▶ _Stored entries_:
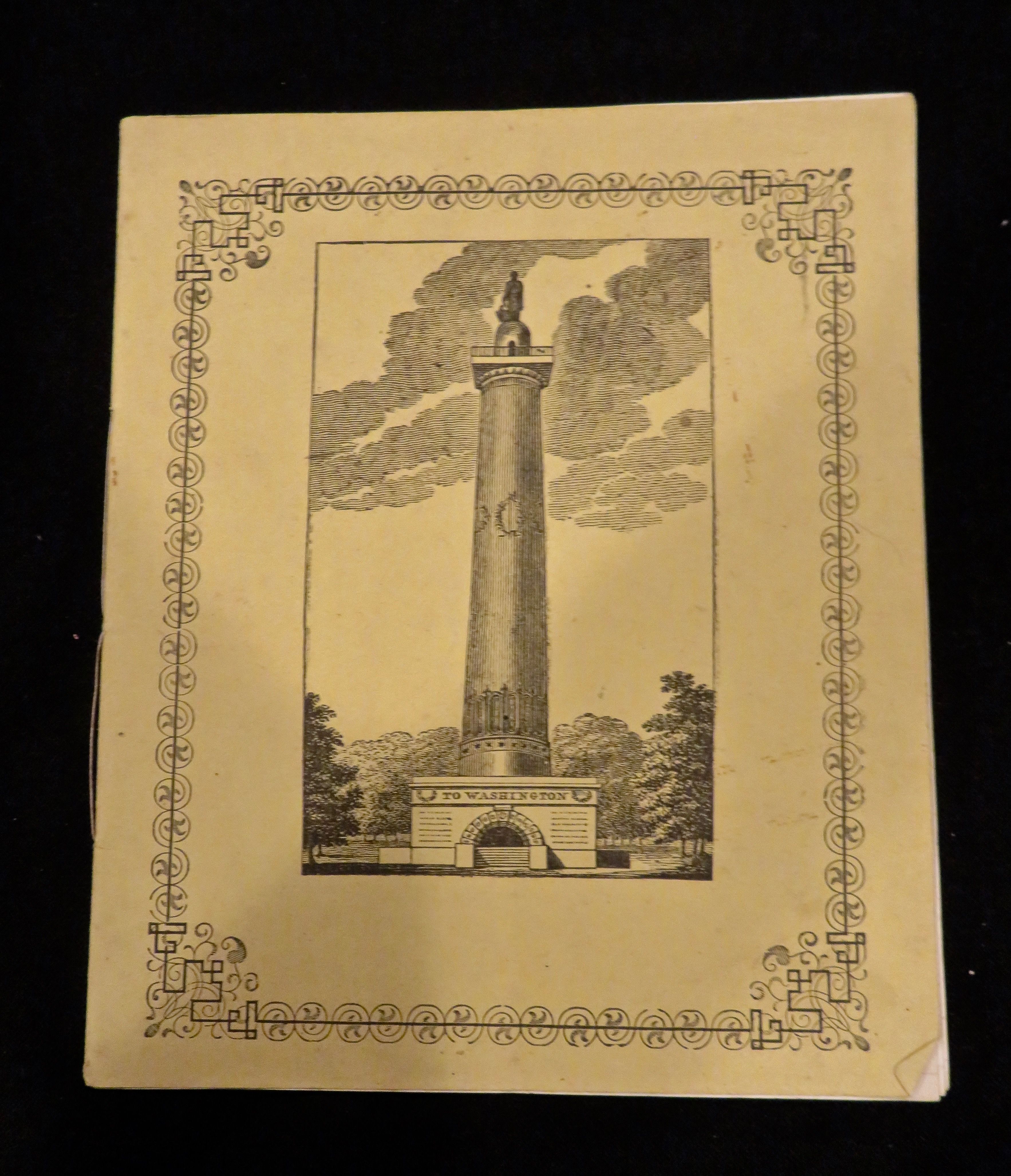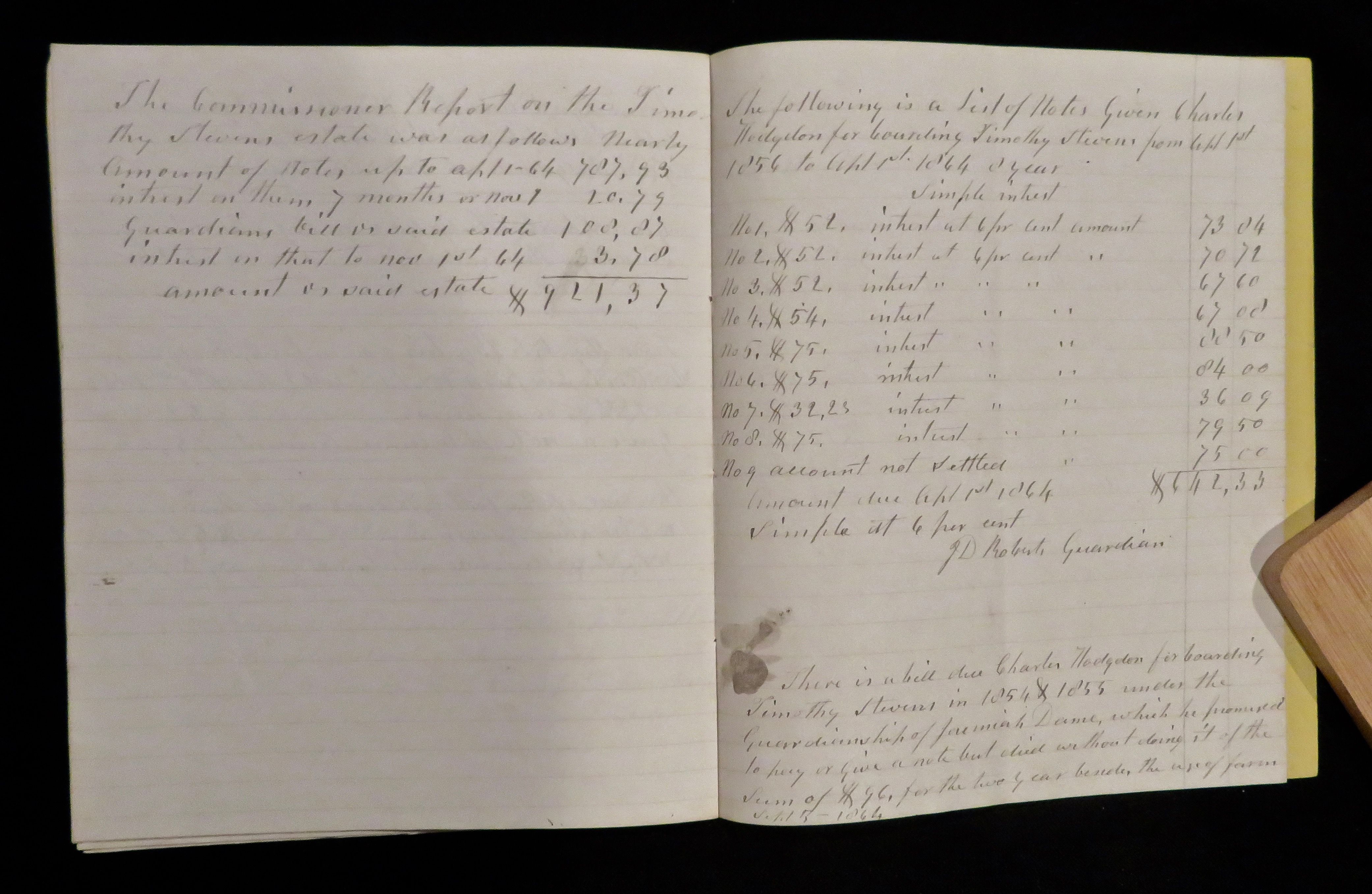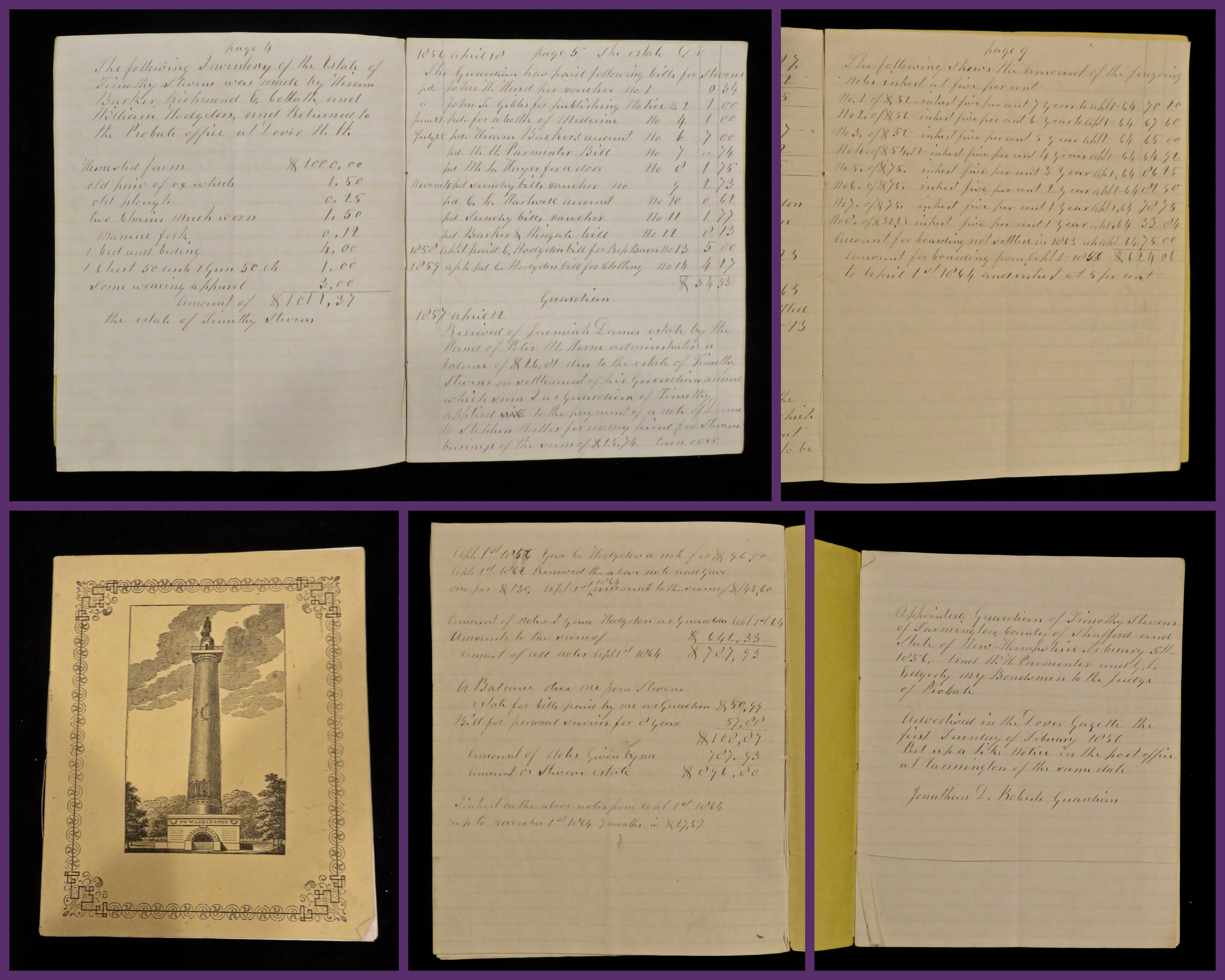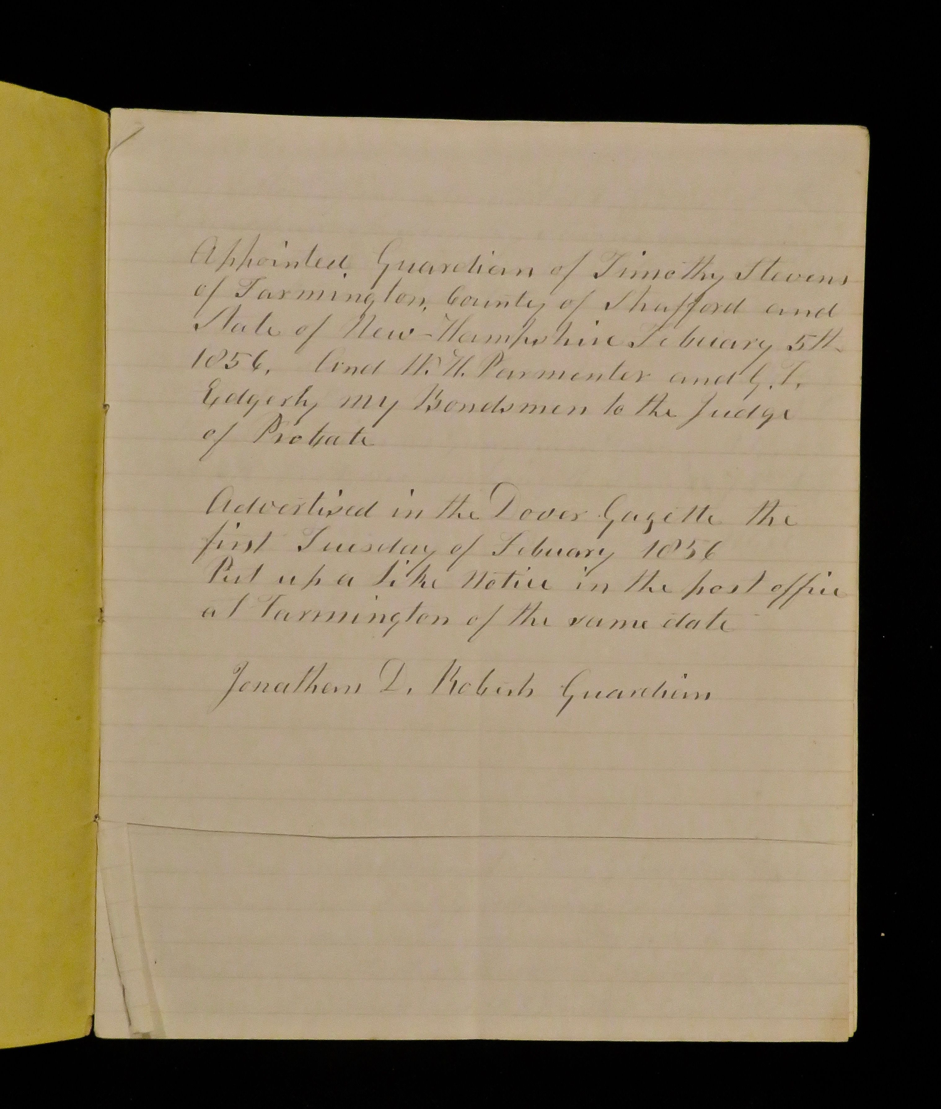 Farmington, NH, 1856 - 1864. A copy book used to by Jonathan D. Roberts to keep an accounting of his guardianship of Timothy Stevens from 1856 - 1864. On the first page is a note that states Roberts was appointed Stevens guardian on February 5, 1856 and that this fact was advertised in the Dover Gazette on the first Tuesday in February. Next is an inventory of the Estate of Timonth Stevens valued at $1,011.37. What follows is a list of expenses incurred by Roberts, such as the cost of board, travel to the probate court, the cost of his services and a list of different bills paid out. The front cover has an engraving of a monument that states "To Washington". The back cover has a multiplication table on it as well as the note "Always for sale, a general assortment of Blank, School, and Miscellaneous Books..." There is no mention of a publisher. No OCLC, Feb 2019.Yellow covers, 16 pages. Completely filled. Measures 8" x 6 1/2"
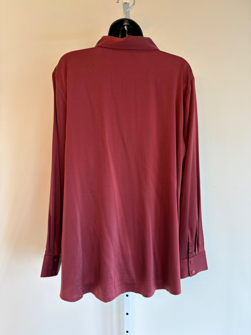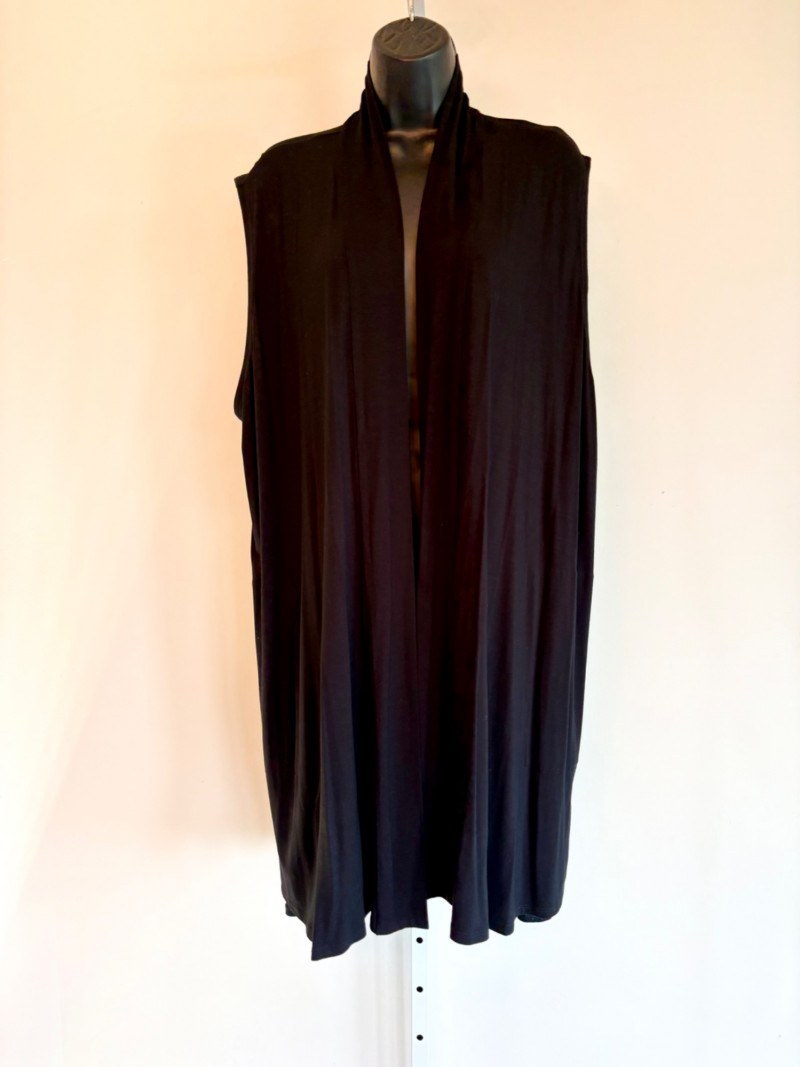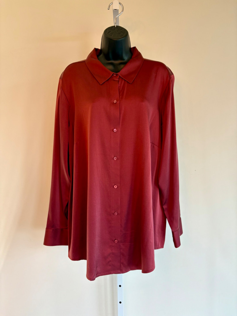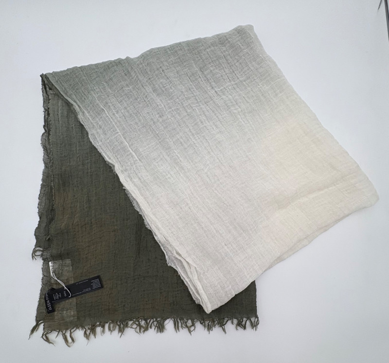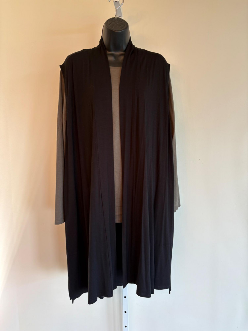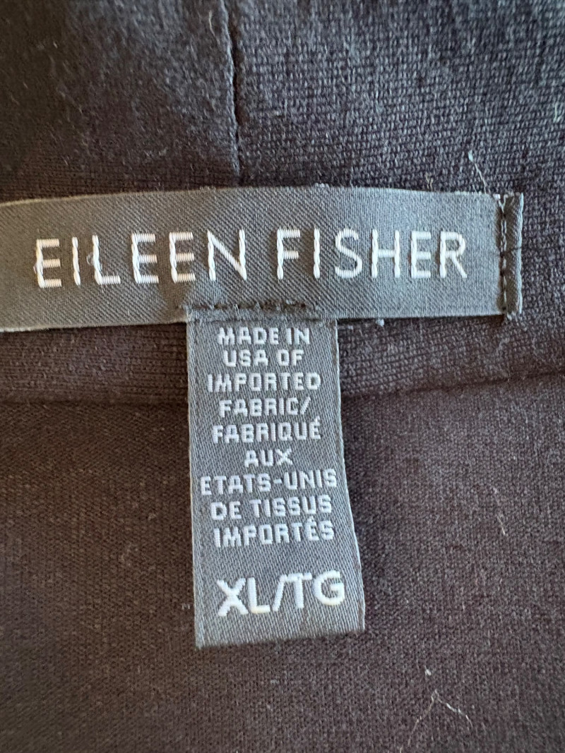 Great contrast in these 4 items form Eileen Fisher in texture, hue, and fabric. Long black knit vest has open front, in-seam pockets with black on black topstitching, modified shawl collar, and split hem. Viscose/spandex blend with great hang. Measures 24" pit to pit and 38" from back neckline to hem. Size tag says XL. Burgundy crepe de chine blouse has long sleeves with button cuffs, 7 button front closure, bust darts, and curved shirt hem. Silk/spandex blend. Measures 24.5" pit to pit and 28.5" from back neckline to hem. Size tag says 1X. Please note that when doing photos, we noticed a dark spot on the back left shoulder that may come out when laundered - see last photo. Green soft cotton long-sleeve t-shirt offers a more casual look with the same vest. 100% organic cotton knit. Measures 25" pit to pit. Size tag says 1X. Paired with green ombre scarf that runs from cream to deep green in a linen/cotton blend. Measures approx. 28" x 68". New with tag.
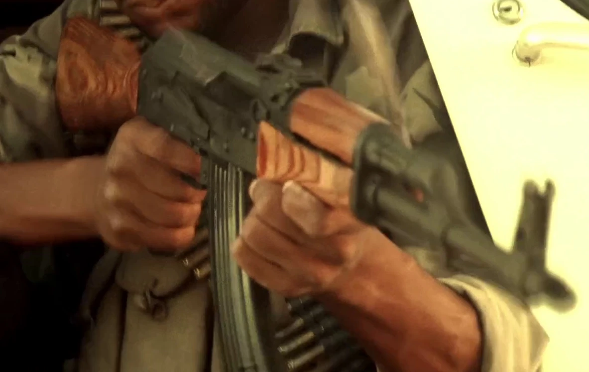 Redemption | A gunner in Iké Dubaku's helicopter fired on Jack and the children with an AKM rifle. |
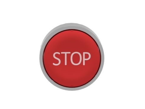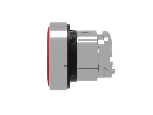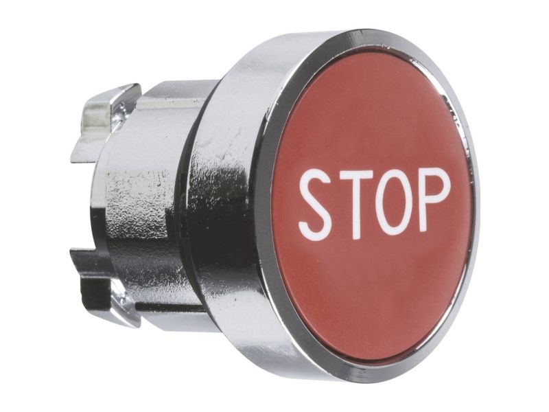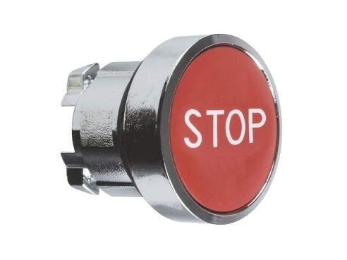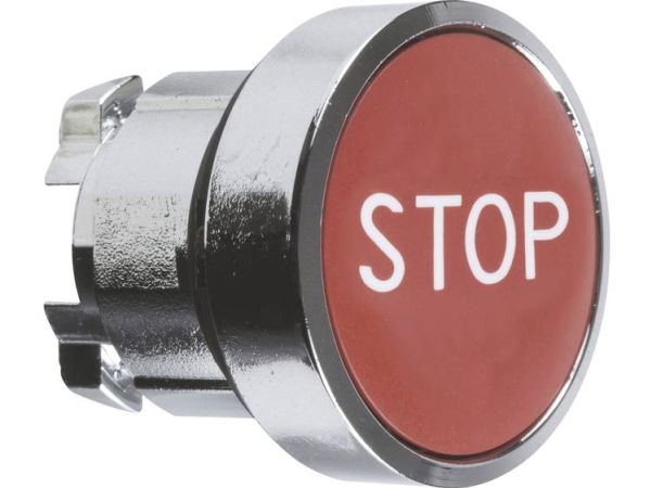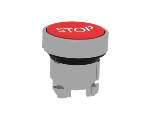 Harmony trykknaphoved i metall med fjäder-retur och plan tryckflade i röd färg med vit "STOP"
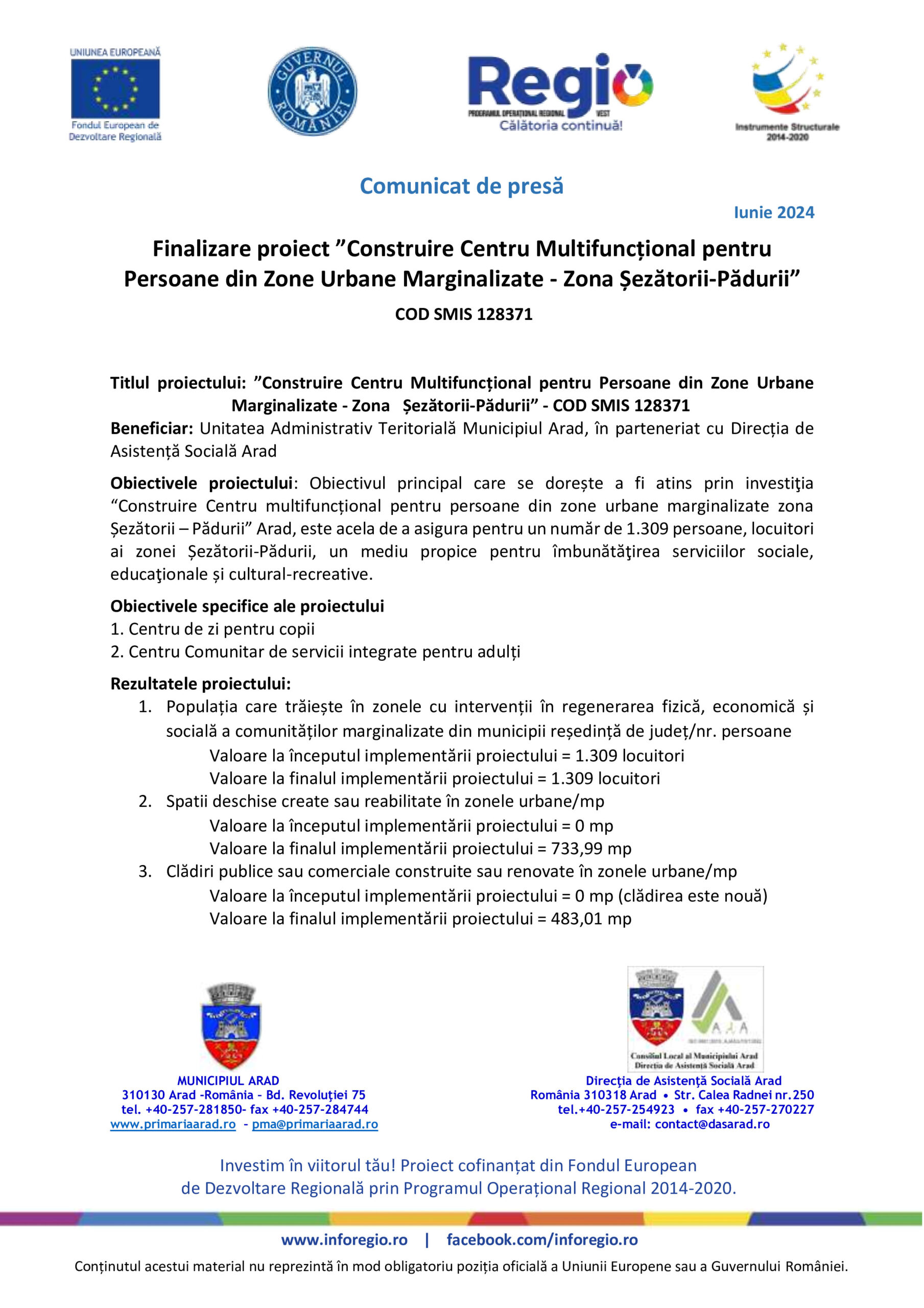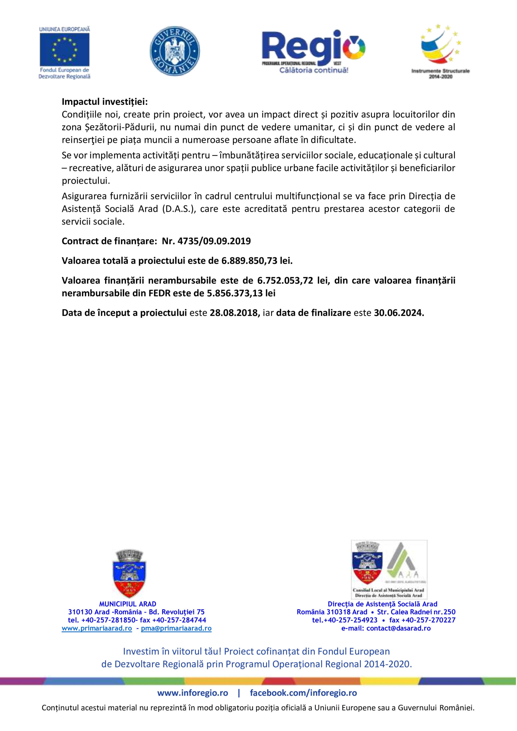 Beneficiar: Unitatea Administrativ Teritorială Municipiul Arad, în parteneriat cu Direcția de Asistență Socială Arad

▶ _Exercise instructions_:
The lines wanted run from the one with "Harmony trykknaphoved i" through the final line of the data; repeat them word for word and skip every picture.

▶ _Reply_:
 Harmony trykknaphoved i metall med fjäder-retur och plan tryckflade i röd färg med vit "STOP"
 Beneficiar: Unitatea Administrativ Teritorială Municipiul Arad, în parteneriat cu Direcția de Asistență Socială Arad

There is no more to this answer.